Content starts
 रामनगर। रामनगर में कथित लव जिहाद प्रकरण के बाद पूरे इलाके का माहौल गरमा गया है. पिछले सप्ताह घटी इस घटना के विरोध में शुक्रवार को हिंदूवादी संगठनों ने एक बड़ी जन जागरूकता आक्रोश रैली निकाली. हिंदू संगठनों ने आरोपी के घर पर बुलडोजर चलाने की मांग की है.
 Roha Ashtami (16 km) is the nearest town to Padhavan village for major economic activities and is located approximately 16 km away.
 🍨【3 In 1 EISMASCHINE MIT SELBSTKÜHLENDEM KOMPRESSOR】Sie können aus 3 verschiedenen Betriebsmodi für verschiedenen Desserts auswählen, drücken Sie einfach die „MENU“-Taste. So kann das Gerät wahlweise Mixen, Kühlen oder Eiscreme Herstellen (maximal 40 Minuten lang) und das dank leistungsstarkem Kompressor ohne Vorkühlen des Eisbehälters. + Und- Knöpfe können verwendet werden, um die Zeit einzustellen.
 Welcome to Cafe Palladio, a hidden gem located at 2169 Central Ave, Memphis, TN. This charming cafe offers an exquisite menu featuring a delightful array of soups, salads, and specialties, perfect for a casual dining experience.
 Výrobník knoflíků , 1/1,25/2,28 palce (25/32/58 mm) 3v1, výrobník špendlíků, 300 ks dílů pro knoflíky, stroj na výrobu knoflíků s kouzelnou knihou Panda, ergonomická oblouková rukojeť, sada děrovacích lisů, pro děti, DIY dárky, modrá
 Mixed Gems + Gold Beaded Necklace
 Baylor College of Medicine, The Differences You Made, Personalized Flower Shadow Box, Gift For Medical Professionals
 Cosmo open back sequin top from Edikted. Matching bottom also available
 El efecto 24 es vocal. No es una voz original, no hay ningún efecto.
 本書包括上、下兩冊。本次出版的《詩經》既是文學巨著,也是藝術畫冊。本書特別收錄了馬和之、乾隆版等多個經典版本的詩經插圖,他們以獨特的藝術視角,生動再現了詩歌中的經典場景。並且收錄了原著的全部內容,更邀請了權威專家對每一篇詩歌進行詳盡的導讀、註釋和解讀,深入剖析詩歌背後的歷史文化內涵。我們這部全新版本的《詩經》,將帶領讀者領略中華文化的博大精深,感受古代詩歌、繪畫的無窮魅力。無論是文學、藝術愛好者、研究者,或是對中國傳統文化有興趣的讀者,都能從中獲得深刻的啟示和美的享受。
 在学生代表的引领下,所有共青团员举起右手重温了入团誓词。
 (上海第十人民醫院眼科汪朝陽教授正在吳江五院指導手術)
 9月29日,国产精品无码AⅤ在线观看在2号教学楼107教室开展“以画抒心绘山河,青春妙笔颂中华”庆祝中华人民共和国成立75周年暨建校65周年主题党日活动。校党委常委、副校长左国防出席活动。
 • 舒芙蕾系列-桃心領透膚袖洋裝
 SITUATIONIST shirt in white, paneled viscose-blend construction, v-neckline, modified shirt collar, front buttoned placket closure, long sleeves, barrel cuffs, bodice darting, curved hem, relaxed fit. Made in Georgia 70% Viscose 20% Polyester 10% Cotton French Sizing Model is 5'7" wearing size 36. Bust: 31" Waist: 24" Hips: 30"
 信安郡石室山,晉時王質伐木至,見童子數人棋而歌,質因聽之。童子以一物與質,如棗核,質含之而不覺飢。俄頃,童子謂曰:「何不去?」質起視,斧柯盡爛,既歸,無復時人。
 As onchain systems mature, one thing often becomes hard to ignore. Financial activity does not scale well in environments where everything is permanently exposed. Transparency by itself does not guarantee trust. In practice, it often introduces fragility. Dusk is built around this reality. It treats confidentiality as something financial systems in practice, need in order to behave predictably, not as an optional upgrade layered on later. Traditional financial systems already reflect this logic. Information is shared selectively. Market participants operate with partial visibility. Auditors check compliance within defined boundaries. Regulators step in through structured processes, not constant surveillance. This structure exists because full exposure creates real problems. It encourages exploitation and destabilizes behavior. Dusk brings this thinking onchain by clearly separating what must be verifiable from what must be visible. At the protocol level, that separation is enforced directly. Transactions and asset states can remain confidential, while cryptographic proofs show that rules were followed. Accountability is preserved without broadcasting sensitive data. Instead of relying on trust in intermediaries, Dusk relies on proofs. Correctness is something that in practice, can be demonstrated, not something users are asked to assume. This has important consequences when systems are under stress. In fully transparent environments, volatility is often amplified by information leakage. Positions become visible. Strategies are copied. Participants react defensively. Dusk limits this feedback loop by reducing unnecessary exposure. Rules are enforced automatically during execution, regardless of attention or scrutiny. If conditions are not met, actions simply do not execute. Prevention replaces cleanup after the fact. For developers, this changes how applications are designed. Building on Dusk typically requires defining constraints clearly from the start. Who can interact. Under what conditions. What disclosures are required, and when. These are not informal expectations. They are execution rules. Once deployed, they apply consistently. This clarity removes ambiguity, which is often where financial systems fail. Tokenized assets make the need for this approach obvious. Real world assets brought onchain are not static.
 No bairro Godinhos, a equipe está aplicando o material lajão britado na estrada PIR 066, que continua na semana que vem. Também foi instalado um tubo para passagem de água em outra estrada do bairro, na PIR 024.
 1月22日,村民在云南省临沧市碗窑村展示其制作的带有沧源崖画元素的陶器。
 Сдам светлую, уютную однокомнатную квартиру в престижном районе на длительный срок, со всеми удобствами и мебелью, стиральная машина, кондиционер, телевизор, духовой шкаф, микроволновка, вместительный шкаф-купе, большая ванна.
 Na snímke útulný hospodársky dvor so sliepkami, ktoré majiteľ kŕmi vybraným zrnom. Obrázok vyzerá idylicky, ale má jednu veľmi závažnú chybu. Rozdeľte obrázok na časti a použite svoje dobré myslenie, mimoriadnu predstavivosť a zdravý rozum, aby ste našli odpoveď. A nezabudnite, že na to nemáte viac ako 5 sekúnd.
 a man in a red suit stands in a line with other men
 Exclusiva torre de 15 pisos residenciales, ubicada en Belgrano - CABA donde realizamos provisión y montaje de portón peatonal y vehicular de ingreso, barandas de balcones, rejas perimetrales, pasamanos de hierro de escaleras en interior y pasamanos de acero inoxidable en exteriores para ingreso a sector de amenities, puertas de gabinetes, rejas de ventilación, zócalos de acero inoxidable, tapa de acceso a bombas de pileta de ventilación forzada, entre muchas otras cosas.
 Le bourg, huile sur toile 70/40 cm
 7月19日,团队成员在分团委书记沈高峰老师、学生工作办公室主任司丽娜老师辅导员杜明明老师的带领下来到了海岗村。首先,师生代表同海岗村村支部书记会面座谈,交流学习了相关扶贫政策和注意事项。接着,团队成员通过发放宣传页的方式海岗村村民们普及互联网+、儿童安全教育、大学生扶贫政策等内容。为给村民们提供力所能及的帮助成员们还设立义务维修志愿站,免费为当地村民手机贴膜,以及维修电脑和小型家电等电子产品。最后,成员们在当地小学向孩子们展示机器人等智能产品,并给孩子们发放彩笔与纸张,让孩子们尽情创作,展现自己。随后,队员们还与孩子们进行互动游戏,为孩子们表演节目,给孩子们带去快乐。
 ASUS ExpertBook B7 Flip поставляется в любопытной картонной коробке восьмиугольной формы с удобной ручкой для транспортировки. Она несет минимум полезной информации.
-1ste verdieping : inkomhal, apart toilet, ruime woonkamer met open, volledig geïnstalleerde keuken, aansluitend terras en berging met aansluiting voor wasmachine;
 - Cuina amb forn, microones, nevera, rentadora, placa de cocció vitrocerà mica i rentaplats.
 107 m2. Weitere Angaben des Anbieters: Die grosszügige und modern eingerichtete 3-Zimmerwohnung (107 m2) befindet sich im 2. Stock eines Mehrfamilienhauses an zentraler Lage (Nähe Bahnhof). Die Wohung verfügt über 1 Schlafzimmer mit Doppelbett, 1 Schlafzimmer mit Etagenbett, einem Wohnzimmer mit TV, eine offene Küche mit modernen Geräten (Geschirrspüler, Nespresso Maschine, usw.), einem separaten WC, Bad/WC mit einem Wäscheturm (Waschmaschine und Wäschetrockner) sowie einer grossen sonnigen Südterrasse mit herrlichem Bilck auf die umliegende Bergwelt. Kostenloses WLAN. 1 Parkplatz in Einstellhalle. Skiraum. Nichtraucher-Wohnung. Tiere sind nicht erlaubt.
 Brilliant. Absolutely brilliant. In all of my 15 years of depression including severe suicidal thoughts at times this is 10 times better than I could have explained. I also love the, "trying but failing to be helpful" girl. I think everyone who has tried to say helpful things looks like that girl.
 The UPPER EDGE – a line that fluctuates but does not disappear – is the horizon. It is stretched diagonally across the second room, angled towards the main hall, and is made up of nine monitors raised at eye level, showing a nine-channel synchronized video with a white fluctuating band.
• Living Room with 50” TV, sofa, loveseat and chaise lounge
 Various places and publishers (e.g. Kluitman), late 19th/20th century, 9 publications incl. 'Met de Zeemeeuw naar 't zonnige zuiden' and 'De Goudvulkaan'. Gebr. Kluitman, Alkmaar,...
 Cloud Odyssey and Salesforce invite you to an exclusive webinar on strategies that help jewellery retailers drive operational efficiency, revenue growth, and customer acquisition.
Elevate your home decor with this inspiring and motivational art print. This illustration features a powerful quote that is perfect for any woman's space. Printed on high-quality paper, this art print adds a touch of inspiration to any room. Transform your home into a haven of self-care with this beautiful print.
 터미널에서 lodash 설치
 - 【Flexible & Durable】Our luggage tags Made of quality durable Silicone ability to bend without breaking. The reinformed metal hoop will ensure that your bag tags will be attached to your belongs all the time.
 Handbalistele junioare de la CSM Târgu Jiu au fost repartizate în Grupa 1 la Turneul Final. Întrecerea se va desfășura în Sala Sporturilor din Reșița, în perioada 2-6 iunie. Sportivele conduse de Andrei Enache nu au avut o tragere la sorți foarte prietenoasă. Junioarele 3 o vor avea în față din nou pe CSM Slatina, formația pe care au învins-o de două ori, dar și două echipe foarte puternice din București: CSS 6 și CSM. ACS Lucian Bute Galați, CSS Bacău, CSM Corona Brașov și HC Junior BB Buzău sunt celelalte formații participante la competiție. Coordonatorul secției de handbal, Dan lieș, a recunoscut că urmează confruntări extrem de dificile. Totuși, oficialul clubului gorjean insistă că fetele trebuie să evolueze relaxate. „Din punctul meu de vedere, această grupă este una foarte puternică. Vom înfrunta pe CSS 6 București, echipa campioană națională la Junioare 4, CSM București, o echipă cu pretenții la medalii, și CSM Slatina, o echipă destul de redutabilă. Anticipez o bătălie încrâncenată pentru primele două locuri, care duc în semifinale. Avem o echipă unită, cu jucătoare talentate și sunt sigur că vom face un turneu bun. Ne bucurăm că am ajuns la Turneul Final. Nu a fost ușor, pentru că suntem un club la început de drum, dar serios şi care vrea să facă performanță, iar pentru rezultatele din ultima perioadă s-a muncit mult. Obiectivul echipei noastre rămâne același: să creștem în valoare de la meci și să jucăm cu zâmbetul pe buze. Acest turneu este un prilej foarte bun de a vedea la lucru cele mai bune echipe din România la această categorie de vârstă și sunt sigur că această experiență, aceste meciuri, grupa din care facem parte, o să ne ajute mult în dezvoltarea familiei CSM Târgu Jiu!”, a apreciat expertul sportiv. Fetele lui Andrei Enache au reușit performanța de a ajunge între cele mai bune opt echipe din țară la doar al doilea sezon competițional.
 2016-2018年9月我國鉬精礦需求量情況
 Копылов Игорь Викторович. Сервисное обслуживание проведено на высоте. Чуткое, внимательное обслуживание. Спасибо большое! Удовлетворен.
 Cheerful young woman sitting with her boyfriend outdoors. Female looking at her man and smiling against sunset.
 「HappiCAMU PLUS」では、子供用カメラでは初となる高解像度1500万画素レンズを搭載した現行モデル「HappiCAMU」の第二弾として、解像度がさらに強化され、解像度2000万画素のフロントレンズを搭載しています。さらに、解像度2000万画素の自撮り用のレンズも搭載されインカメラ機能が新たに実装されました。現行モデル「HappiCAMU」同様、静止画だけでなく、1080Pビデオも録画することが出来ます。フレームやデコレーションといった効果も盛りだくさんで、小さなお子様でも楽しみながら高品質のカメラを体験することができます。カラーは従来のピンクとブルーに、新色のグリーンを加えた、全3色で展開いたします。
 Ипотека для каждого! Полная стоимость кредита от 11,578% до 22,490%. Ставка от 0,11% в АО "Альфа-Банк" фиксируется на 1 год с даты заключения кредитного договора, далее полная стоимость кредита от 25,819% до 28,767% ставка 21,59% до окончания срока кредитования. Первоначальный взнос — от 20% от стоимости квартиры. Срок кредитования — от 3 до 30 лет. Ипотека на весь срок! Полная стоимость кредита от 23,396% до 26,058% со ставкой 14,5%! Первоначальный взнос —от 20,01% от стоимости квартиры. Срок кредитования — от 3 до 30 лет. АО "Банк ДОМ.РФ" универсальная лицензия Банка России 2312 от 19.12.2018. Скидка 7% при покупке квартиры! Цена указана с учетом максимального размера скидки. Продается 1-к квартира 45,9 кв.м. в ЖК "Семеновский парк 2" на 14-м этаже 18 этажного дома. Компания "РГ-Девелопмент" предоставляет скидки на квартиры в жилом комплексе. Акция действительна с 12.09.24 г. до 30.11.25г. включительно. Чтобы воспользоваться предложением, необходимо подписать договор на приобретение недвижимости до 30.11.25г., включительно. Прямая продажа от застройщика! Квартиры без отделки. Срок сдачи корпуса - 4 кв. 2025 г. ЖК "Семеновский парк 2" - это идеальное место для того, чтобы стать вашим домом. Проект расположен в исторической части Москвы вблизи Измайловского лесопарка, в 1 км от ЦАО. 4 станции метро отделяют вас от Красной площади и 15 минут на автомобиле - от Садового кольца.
Content ends
__Required action__
Using the records above, write out exactly the lines between the one holding "Handbalistele junioare de" and the one holding "Cheerful young woman", inclusive; leave everything else out.

__Finished task__
 Handbalistele junioare de la CSM Târgu Jiu au fost repartizate în Grupa 1 la Turneul Final. Întrecerea se va desfășura în Sala Sporturilor din Reșița, în perioada 2-6 iunie. Sportivele conduse de Andrei Enache nu au avut o tragere la sorți foarte prietenoasă. Junioarele 3 o vor avea în față din nou pe CSM Slatina, formația pe care au învins-o de două ori, dar și două echipe foarte puternice din București: CSS 6 și CSM. ACS Lucian Bute Galați, CSS Bacău, CSM Corona Brașov și HC Junior BB Buzău sunt celelalte formații participante la competiție. Coordonatorul secției de handbal, Dan lieș, a recunoscut că urmează confruntări extrem de dificile. Totuși, oficialul clubului gorjean insistă că fetele trebuie să evolueze relaxate. „Din punctul meu de vedere, această grupă este una foarte puternică. Vom înfrunta pe CSS 6 București, echipa campioană națională la Junioare 4, CSM București, o echipă cu pretenții la medalii, și CSM Slatina, o echipă destul de redutabilă. Anticipez o bătălie încrâncenată pentru primele două locuri, care duc în semifinale. Avem o echipă unită, cu jucătoare talentate și sunt sigur că vom face un turneu bun. Ne bucurăm că am ajuns la Turneul Final. Nu a fost ușor, pentru că suntem un club la început de drum, dar serios şi care vrea să facă performanță, iar pentru rezultatele din ultima perioadă s-a muncit mult. Obiectivul echipei noastre rămâne același: să creștem în valoare de la meci și să jucăm cu zâmbetul pe buze. Acest turneu este un prilej foarte bun de a vedea la lucru cele mai bune echipe din România la această categorie de vârstă și sunt sigur că această experiență, aceste meciuri, grupa din care facem parte, o să ne ajute mult în dezvoltarea familiei CSM Târgu Jiu!”, a apreciat expertul sportiv. Fetele lui Andrei Enache au reușit performanța de a ajunge între cele mai bune opt echipe din țară la doar al doilea sezon competițional.
 2016-2018年9月我國鉬精礦需求量情況
 Копылов Игорь Викторович. Сервисное обслуживание проведено на высоте. Чуткое, внимательное обслуживание. Спасибо большое! Удовлетворен.
 Cheerful young woman sitting with her boyfriend outdoors. Female looking at her man and smiling against sunset.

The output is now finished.